Ces pratiques soulignent que, comme mentionné ci-dessus, il doit y avoir un temps désigné pour réfléchir à ces questions. Nous ne pouvons pas laisser ces pensées nous assaillir à n’importe quel moment. Nous voyons aussi que le moment désigné se situe toujours à la fin d’une période donnée.

En effet, au cours de la journée, une personne doit être active et productive, et se concentrer sur ce qu’elle accomplit. Ce n’est pas le moment de prendre du recul et de considérer les situations passées, mais le moment d’agir. Lorsque la journée touche à sa fin et que l’on se prépare pour le lendemain, là on doit s’arrêter et se demander : « Comment la journée s’est-elle passée ?» et « Que puis-je faire pour que demain soit meilleur qu’aujourd’hui ? »
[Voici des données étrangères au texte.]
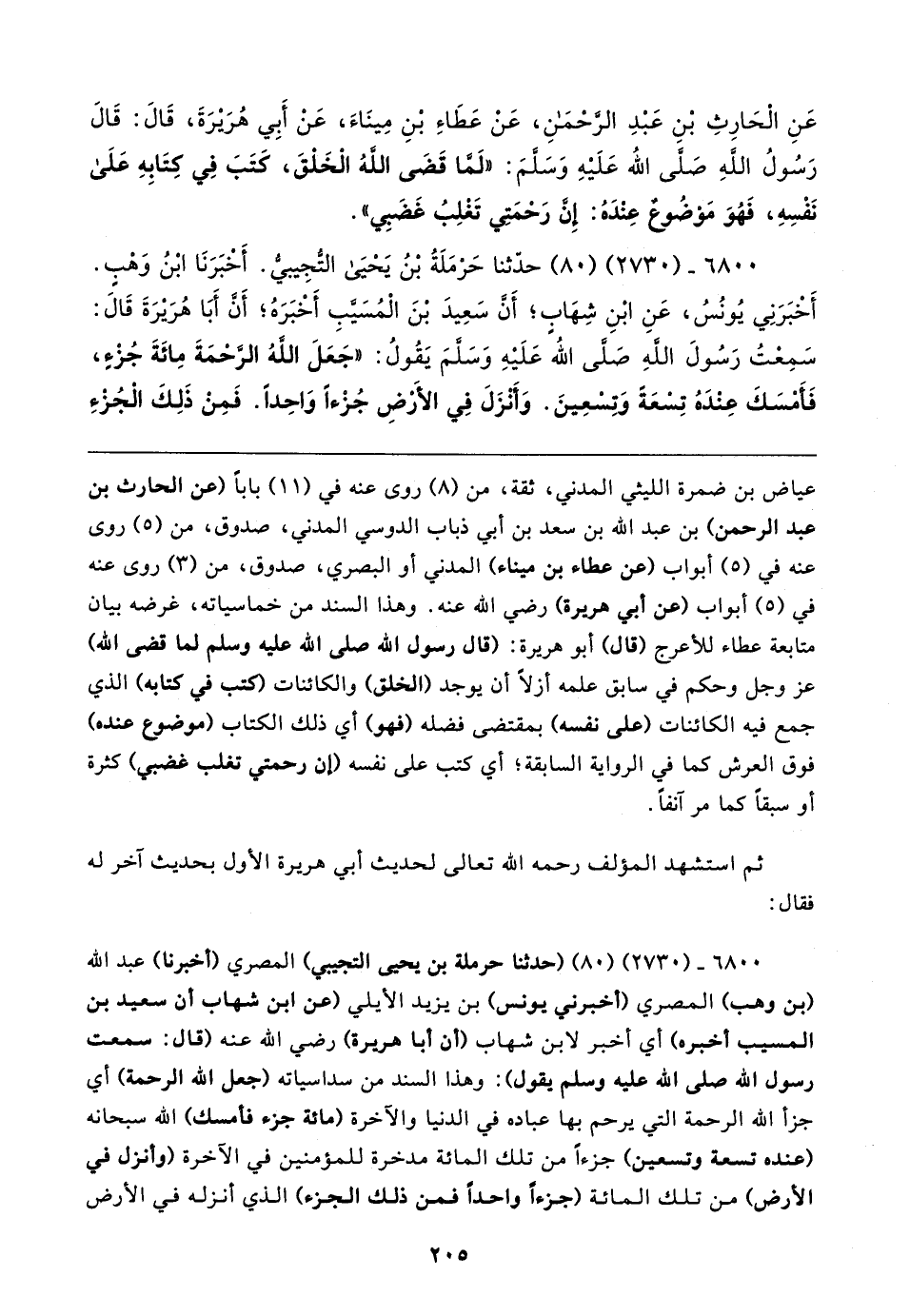 عَنِ الْحَارِثِ بْنِ عَبْدِ الرَّحْمَنِ، عَنْ عَطَاءِ بْنِ مِينَاءَ، عَنْ أَبِي هُرَيْرَةَ، قَالَ: قَالَ رَسُولُ اللهِ صَلَّى الله عَلَيْهِ وَسَلَّمَ: "لَمَّا قَضَى الله الْخَلْقَ، كَتَبَ في كِتَابِهِ َعَلَى نَفْسِهِ، فَهُوَ مَوْضُوعٌ عِنْدَهُ: إِنَّ رَحْمَتِي تَغلِبُ غَضَبِي".
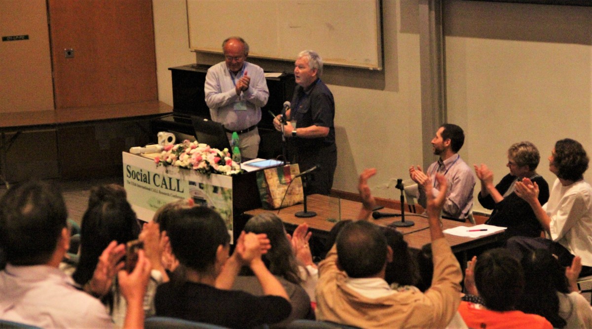 IMG_3807jozef_phil_clapping August 1, 2019 at 3401 × 1896 in Vance Stevens receives the Lifetime Achievement Award for 2019 at the CALL Research Conference in Hong Kong ← Previous Next →
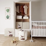Coșul de depozitare Bieco, practic și stilat, cu motiv cu pui de căprioară, aduce ordine în camera copilului în câteva clipe. Este fabricat din material textil rezistent, are formă stabilă, mânere lungi pentru transport facil și datorită căptușelii interioare din PE impermeabil poate fi folosit și ca coș pentru rufe. Cu un volum de 38 l oferă suficient spațiu pentru jucării, rufe și accesorii, iar când nu este folosit se poate plia ușor.
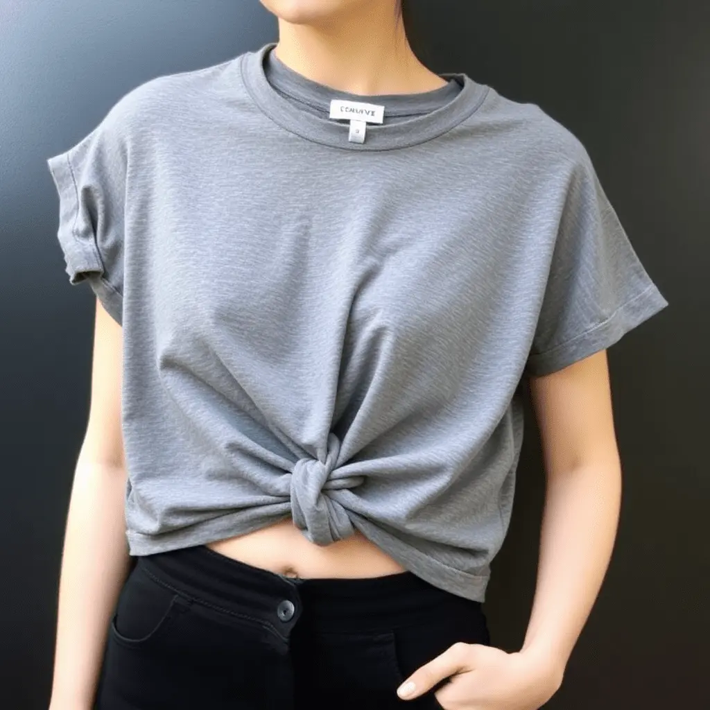 The tie-side crop is a particularly flattering style because it allows the wearer to adjust the fit each time the shirt is put on. Cut the shirt horizontally at your desired crop length. Then cut vertically up the left side seam from the hem to a point approximately two to three inches above the bottom edge, creating a flap on each side of the cut. Tie the two resulting strips of fabric into a bow or knot at the side of the waist. The knot pulls the fabric in and creates a relaxed, custom-fitted waistline that works for a wide range of body types.
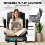 Primy Ergonomic Office Chair with Adjustable Air Lumbar, Home Desk Computer Chair, Leather High-Back Executive Chairs with Flip-Up Arms, Rocking Swivel Comfort
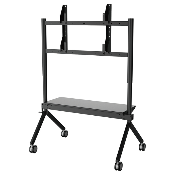 対応ディスプレイサイズ~86インチ、~80kg。電源不要のハンドル昇降タイプ。逆Y字脚が特徴で、教壇を跨げるスタンド。幅広棚板を1枚標準装備。
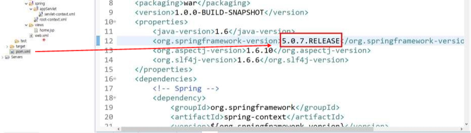 - 스프링 5버전을 사용하기 위해 pom.xml 을 다음과 같이 변경합니다.

Le même concept s’applique aux cycles hebdomadaire, mensuel et annuel. Lorsque ceux-ci s’achèvent, nous devons faire le bilan de nos actions afin de nous préparer au nouveau cycle. Mais tant que le cycle actuel est en cours, nous devons être occupés à œuvrer, à faire des choses productives qui profiteront à la fois à nous-mêmes et aux autres.1

Sur la base de ce qui précède, nous pouvons expliquer la conclusion du dernier chapitre. Lorsqu’il est dit que les pensées négatives doivent certes être chassées de l’esprit, c’est lorsque l’on ressent une tristesse qui favorise la dépression, ou bien de l’amertume mais au mauvais moment, par exemple lorsque l’on censé être au travail, ou bien en train d’étudier ou encore occupé avec sa famille.

À tout moment, nous devons garder le contrôle de nos pensées. Nous devons considérer le problème au moment que nous choisissons et le traiter de la manière que nous connaissons le mieux. Voilà ce qu’est une approche productive.